We can avoid the negative self-talk kind of head trash if we practice more self-compassion and allow ourselves to work on what matters to us, not only what’s right in front of us. And one place to start this shift is by making the right decision, and then deferring the rest to the timer.
My Timer + Mindset Around It
I use my timer for just about anything, and there are two different perspectives on the subject that help me finish my projects on time.
1) Pomodoro Technique: You may have heard of this one, which involves splitting up focused work into chunks of 25 minutes, with 5- to 10-minute breaks in between each session for discussion, relief, or synthesis. I use my Pomodoro timer to help me do two things: A) to keep track of how much time a task or project piece is taking up, and B) to help me stay focused when I’m in a longer focus block.
With the job I do, I need focus time to do things like write, go over project plans, and process event recordings, so I tend to break my focus blocks up into smaller chunks to make them easier to digest. I may use two or three Pom timers back-to-back in one two-hour focus block when I’m energetically ready to get some serious work done. On days when I’m feeling less focused, having the short breaks in the middle of the Pom sessions (to drink water or to do some light stretching) helps me shift my energy and reorient myself to the task if I get distracted.
When I know what to expect, and that I’m planning to invest a certain amount of time into a task, the Pom timer doesn’t feel like a “countdown,” per se. Instead, I recognize that I will spend the same amount of time on the task no matter how focused I am and that when I’ve spent all of the time that I can on a certain task, I can move on to something new.
2) Ticktime Timer: For tasks that don’t fit into a focus block, I use my iPhone timer or the 99-minute tick-down timer Charlie and I both have. My rule for this one is that I tend not to time something for longer than 30 minutes. “Small tasks” can mean anything like taking a walk, cleaning the kitchen, or knowing when I need to leave the house for an errand.
For example, if I’m procrastinating on finishing my laundry, I’ll set a timer for 15 minutes when I start watching something on Netflix. This way I’ll know when I need to start my laundry, regardless of whether the show has ended, even if it’s in the middle of an episode.
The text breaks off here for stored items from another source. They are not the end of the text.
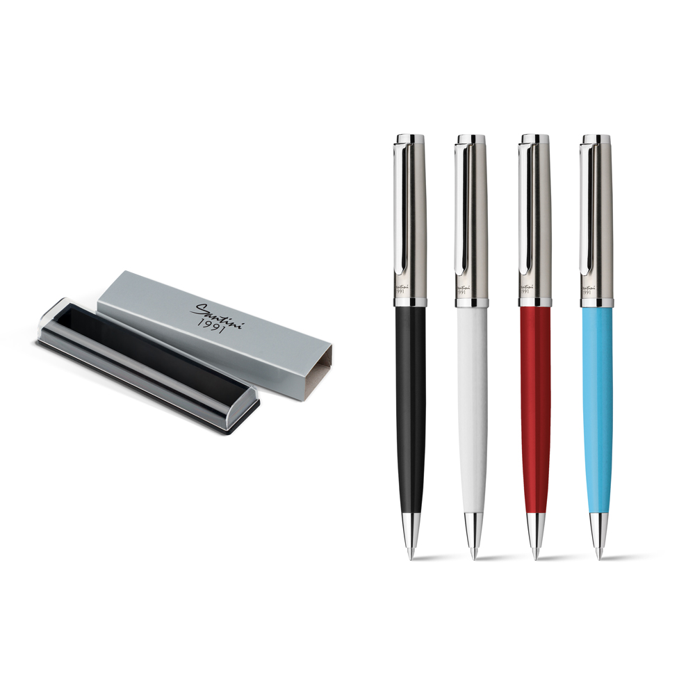 Ref.: 50-12594-106Bolígrafo metálico con tinta azul, suministrado en una caja de regalo de plástico transparente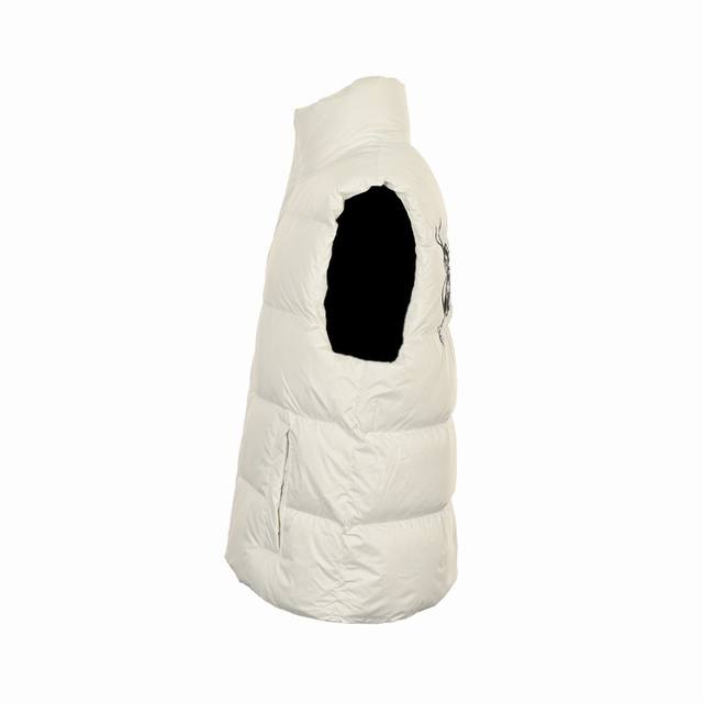 ) Made of nylon fabric, this down vest offers excellent wind and water resistance and is relatively lightweight. Combined with down filling, it's both lightweight and warm, easy to carry and wear, making it especially suitable for outdoor activities. It's filled with high-quality 90% white duck down, known for its high loft and superior warmth. The unique cut and design emphasize ergonomics, ensuring a comfortable fit and freedom of movement. The back features an imported Meclo embroidery machine that scans the original pattern before creating a pattern with high-quality thread, continuously adjusting the density to achieve the desired effect. (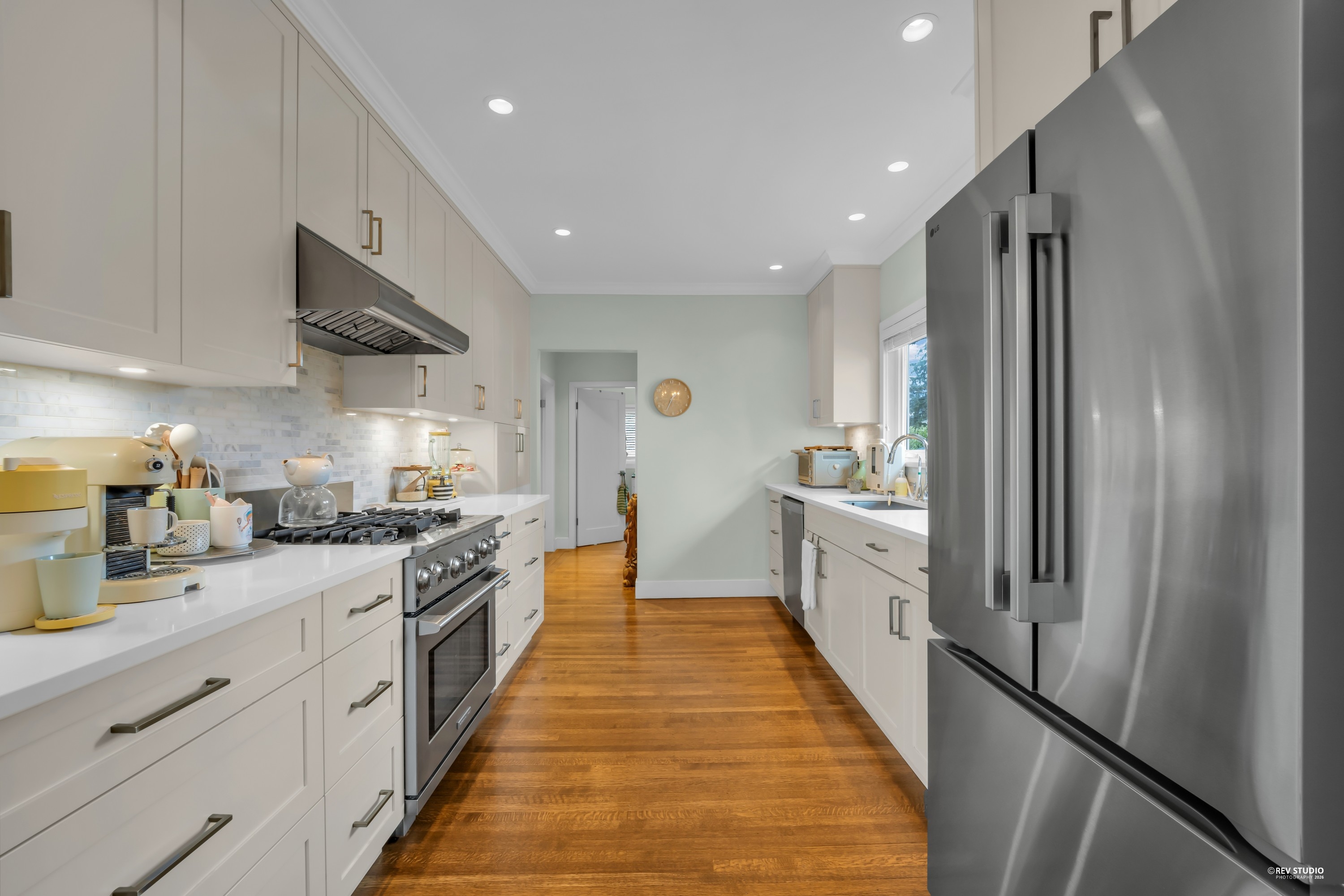 Tucked away on a quiet, sun-filled corner lot on Braeside Street, this family home offers exceptional privacy with sweeping mountain and southwest sunset views, plus potential for meaningful water views from a future second level. The home spans 1,977sqft over two levels and features a bright, open layout ideal for everyday living and entertaining. Highlights include a generous living area with a classic fireplace, an elegant dining space with large picture windows and sliding doors, and a custom kitchen with premium appliances. There are three well-sized bedrooms, including a primary suite with peaceful garden and sunset views, along with hardwood floors, all new windows, a large recreation room, and a covered veranda overlooking private, child-friendly gardens. Minutes to Park Royal, Ambleside Park, Ridgeview School, and downtown Vancouver. A great opportunity to enjoy or hold for future potential.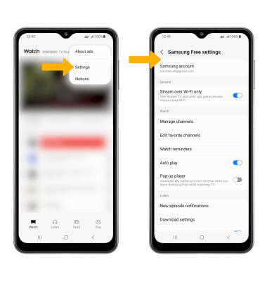 Menu icon at the top of the Samsung Free screen, then select Settings. Edit settings as desired.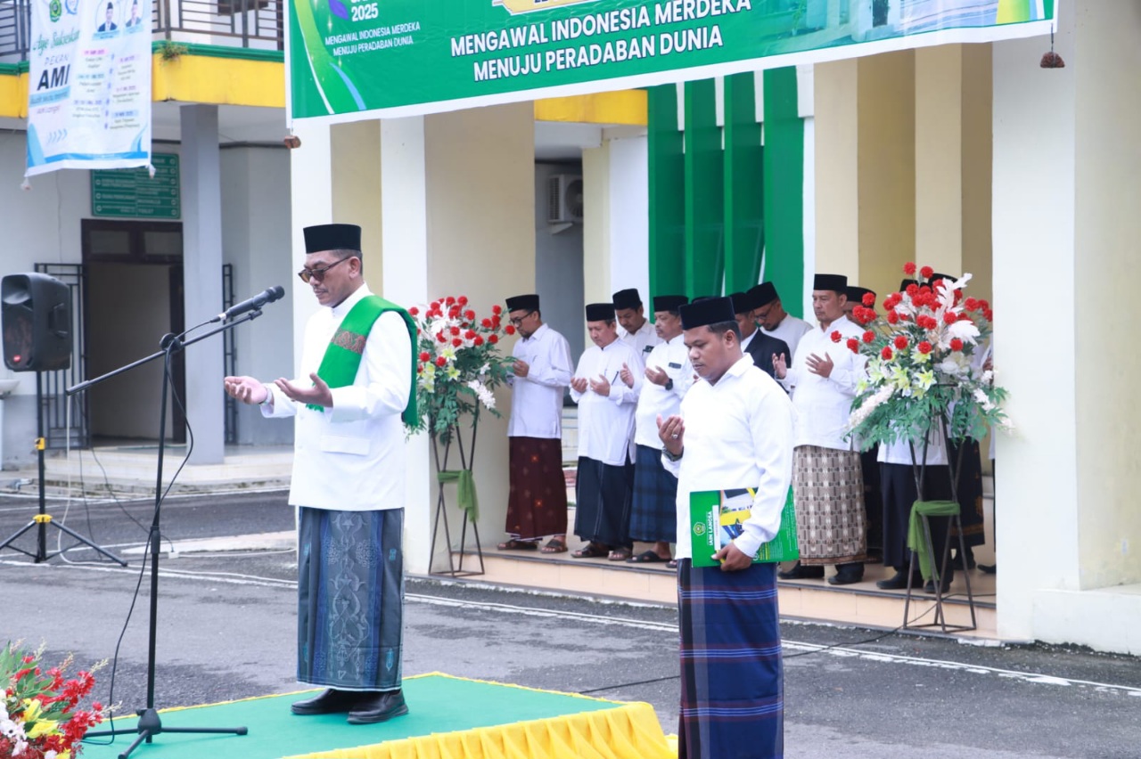 Rektor IAIN Langsa Prof. Dr. H. Ismail Fahmi Arrauf Nasution, MA mengatakan saat membacakan amanat Menteri Agama Republik Indonesia (Menag RI) Prof. Dr. KH. Nasaruddin Umar, MA pada upacara Peringatan Hari Santri di halaman Biro Rektorat kampus Institut Agama Islam Negeri (IAIN) Langsa, Rabu (22/10).

This practice works for me because I know it’s important that I get my laundry started and because I told myself that I would, not because I “have to” or that my timer is making me.
I’ve found the key to implementing any sort of time management routine is making an agreement with yourself and sticking to it. You can set 100 timers to go off at any time you want and still never get anything done because what the timer really signifies is the promise you made to yourself. If you’re not intent on keeping the promise that you are going to “do the thing” when it goes off, it won’t work.
It’s easy to get sucked into binge-watching TV, playing games, or scrolling through your phone. Oftentimes we tell ourselves that we don’t “have the time” to do mundane tasks, but in reality, we just don’t take the time out of our day to actually do them.
This practice reminds me of a bit from the TV series Unbreakable Kimmy Schmidt. In the show, Kimmy says, “You can stand anything for 10 seconds, then you just start on a new 10 seconds.” I like to take the same principle and apply it to staying focused and becoming more productive. If you can just get through the first few minutes of doing something, you can usually do it for 15 minutes longer — until you’ve spent all of the time that you possibly can on that one thing.
It’s up to you to create the action; the timer just helps remind you where you are in the process.